* What is required
Find the line in the entries below that contains "技术点评: RSI技术指标大于中性区域50。 MACD技术指标处在其信号线之上看多。". Repeat it exactly, and every line after it through the line that contains "望月体育[超话]土耳其女排联赛 第二周梦之队".

* Data
▬▬▬▬▬▬▬▬▬▬

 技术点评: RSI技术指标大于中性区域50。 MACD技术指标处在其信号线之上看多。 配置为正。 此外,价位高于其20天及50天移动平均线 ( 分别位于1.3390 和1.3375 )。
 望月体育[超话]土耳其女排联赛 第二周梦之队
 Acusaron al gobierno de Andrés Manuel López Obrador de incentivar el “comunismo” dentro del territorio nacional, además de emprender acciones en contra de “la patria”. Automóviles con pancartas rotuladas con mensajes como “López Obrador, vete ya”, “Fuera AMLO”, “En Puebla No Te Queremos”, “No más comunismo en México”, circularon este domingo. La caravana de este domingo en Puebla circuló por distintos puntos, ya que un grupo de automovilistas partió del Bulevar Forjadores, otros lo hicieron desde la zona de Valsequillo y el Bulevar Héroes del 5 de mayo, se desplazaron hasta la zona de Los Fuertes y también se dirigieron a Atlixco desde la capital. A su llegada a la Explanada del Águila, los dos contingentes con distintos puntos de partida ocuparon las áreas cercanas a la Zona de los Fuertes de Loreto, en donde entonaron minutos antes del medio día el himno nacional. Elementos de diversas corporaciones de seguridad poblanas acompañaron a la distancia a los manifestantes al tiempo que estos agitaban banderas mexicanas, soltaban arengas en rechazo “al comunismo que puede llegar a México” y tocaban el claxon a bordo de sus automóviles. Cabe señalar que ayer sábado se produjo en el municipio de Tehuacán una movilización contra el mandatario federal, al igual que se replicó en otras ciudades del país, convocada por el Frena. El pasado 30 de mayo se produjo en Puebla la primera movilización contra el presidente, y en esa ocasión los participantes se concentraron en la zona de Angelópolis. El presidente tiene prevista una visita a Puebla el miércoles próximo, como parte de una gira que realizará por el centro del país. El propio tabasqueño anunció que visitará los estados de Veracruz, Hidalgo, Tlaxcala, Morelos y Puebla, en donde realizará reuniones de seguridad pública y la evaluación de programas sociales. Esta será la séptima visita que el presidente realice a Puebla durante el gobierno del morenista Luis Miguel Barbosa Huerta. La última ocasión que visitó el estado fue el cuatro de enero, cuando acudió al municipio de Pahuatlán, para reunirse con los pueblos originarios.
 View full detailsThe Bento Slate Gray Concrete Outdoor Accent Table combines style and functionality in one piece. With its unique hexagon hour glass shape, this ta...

▬▬▬▬▬▬▬▬▬▬

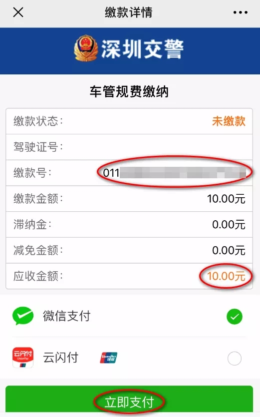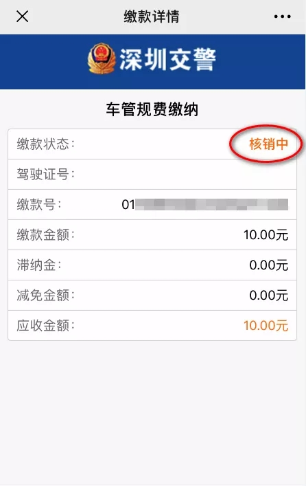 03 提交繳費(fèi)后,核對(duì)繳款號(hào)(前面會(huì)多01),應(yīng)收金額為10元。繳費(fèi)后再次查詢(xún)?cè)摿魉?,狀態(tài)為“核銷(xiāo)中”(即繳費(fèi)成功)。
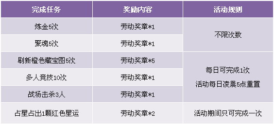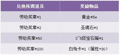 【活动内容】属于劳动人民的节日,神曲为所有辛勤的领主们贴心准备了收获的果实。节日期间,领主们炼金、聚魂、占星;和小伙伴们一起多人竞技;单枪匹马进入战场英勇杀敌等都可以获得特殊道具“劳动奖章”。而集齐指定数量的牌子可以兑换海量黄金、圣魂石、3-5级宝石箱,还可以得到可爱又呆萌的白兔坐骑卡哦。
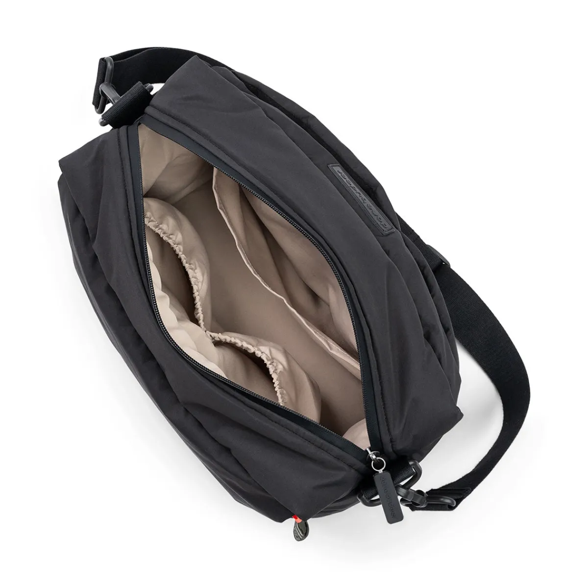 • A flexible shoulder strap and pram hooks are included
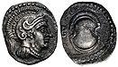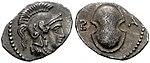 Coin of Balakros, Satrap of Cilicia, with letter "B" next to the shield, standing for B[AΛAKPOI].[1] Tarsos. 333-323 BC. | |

▬▬▬▬▬▬▬▬▬▬

* Response
 技术点评: RSI技术指标大于中性区域50。 MACD技术指标处在其信号线之上看多。 配置为正。 此外,价位高于其20天及50天移动平均线 ( 分别位于1.3390 和1.3375 )。
 望月体育[超话]土耳其女排联赛 第二周梦之队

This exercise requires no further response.